Oltre a dispositivi indossabili come quelli citati, infatti, questo approccio potrebbe servire per far funzionare un pacemaker – un dispositivo salvavita che oggigiorno richiede la sostituzione periodica della batteria tranne i recenti modelli a induzione – o per alimentare organi artificiali di nuova generazione, sensori biomedicali e altro. Di contro, il sistema potrebbe servire ai diabetici per monitorare costantemente il livello di glucosio.

"Ci sono diversi vantaggi" commenta Shleev. "Primo, usiamo catalizzatori biologici rinnovabili e a basso costo. Secondo, i nostri dispositivi si possono miniaturizzare fino alla scala nanometrica. Terzo, la nostra tecnologia è verde ed ecocompatibile, nonché non intrusiva", visto che si sfruttano sostanza generate in modo naturale dal nostro corpo.

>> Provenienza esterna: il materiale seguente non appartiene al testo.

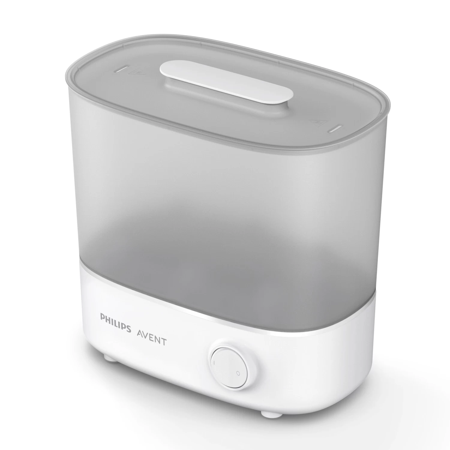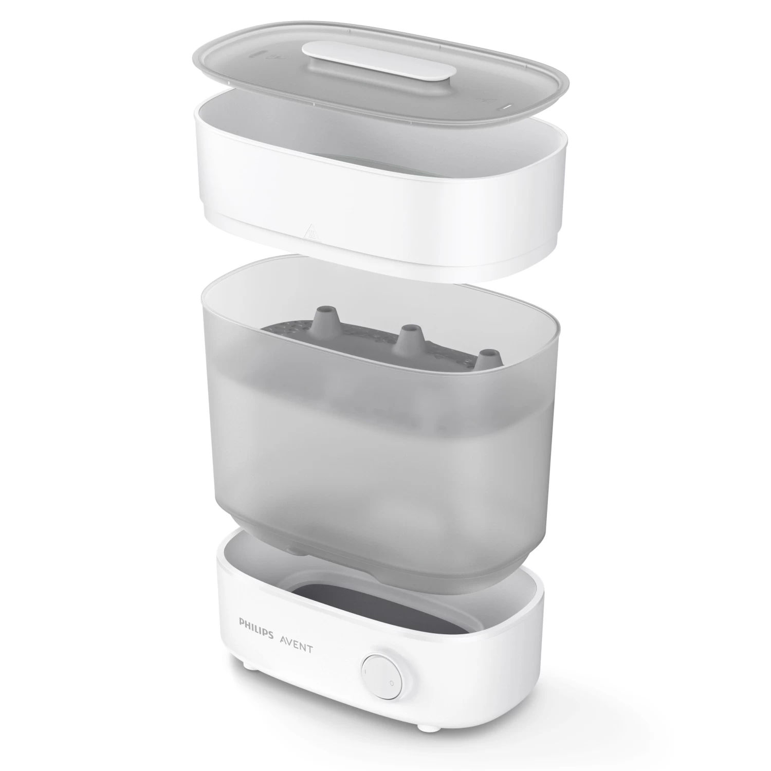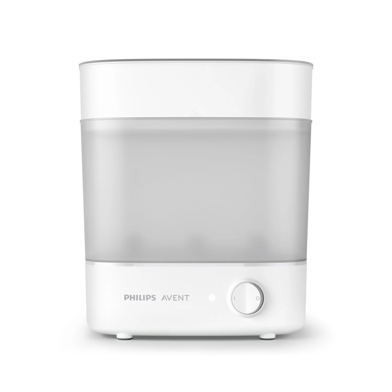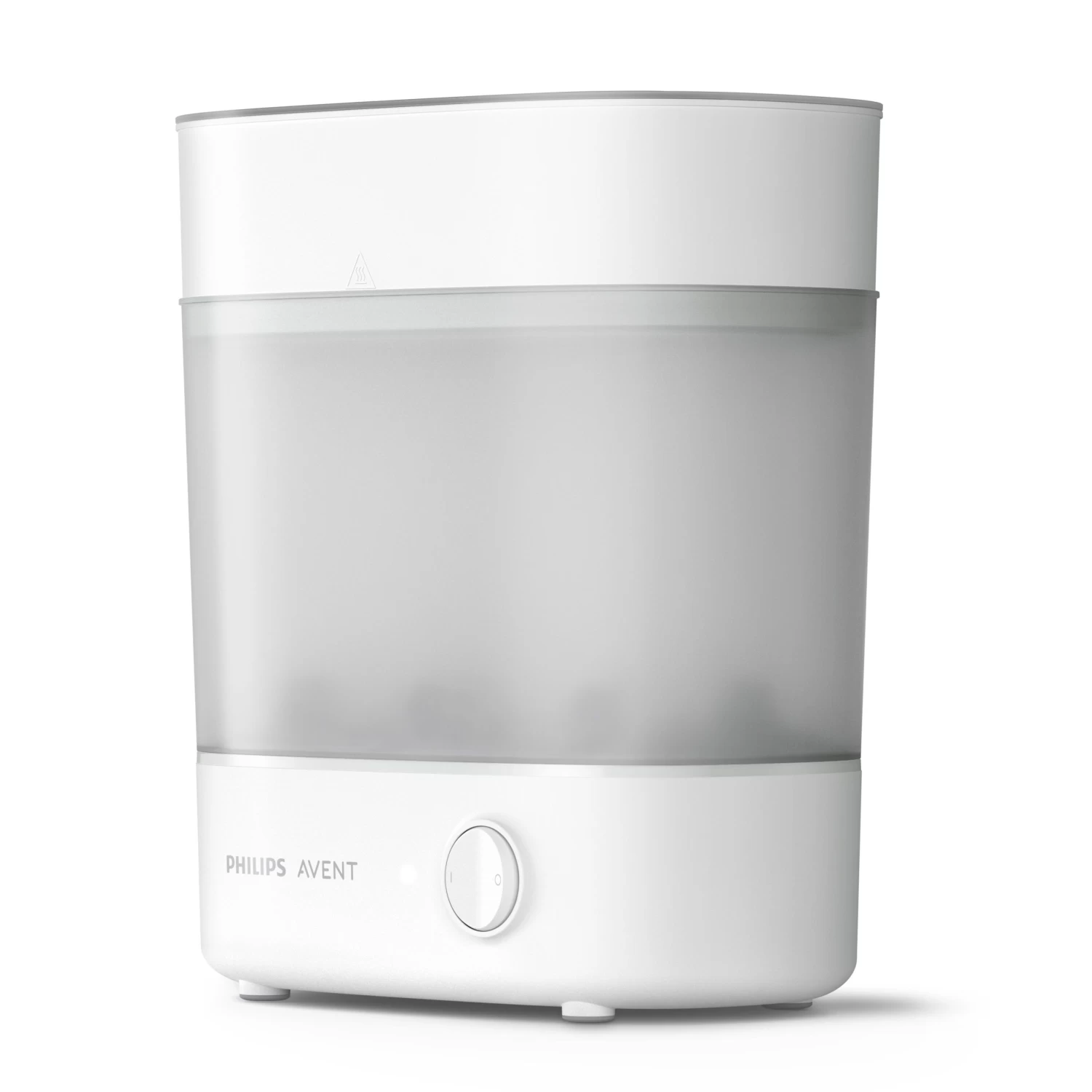 Stérilisez et rangez avec le stérilisateur électrique vapeur 4 en 1 de Philips Avent. Stérilisez jusqu’à six biberons et leurs accessoires en 10 minutes seulement. Le stérilisateur avancé de biberons, mince mais spacieux, élimine 99,9 % des microbes* rapidement et efficacement pour que vous ayez l’esprit tranquille à chaque tétée.
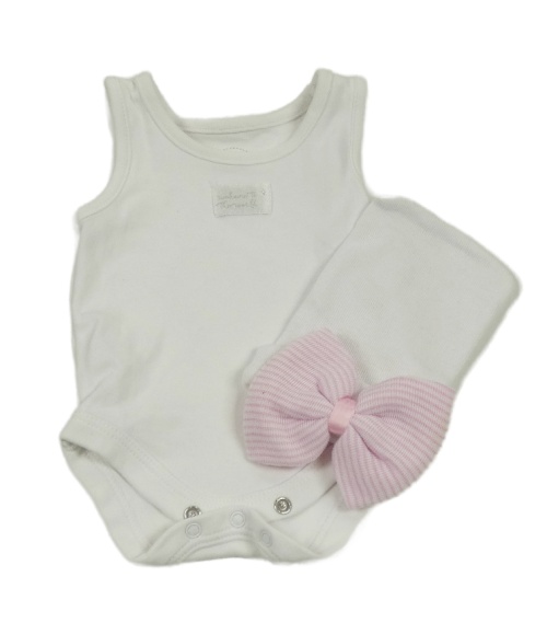 2set - Biele body s nášivkou + biela čapica s mašlou

"L'obiettivo ultimo", conclude Shleev, "è costruire fonti di energia stabili ed efficienti che possano sostituire le tecnologie esistenti come le batterie al litio, che vanno sostituite. In molte, molte situazioni questa operazione richiede la chirurgia e presenta problemi ambientali per lo smaltimento. Tutte queste cose sono secondarie con i nostri biodispositivi". La ricerca in questo settore sta progredendo spedita, concludono i ricercatori, ma al momento mancano ancora i grandi investimenti necessari per un'applicazione commerciale.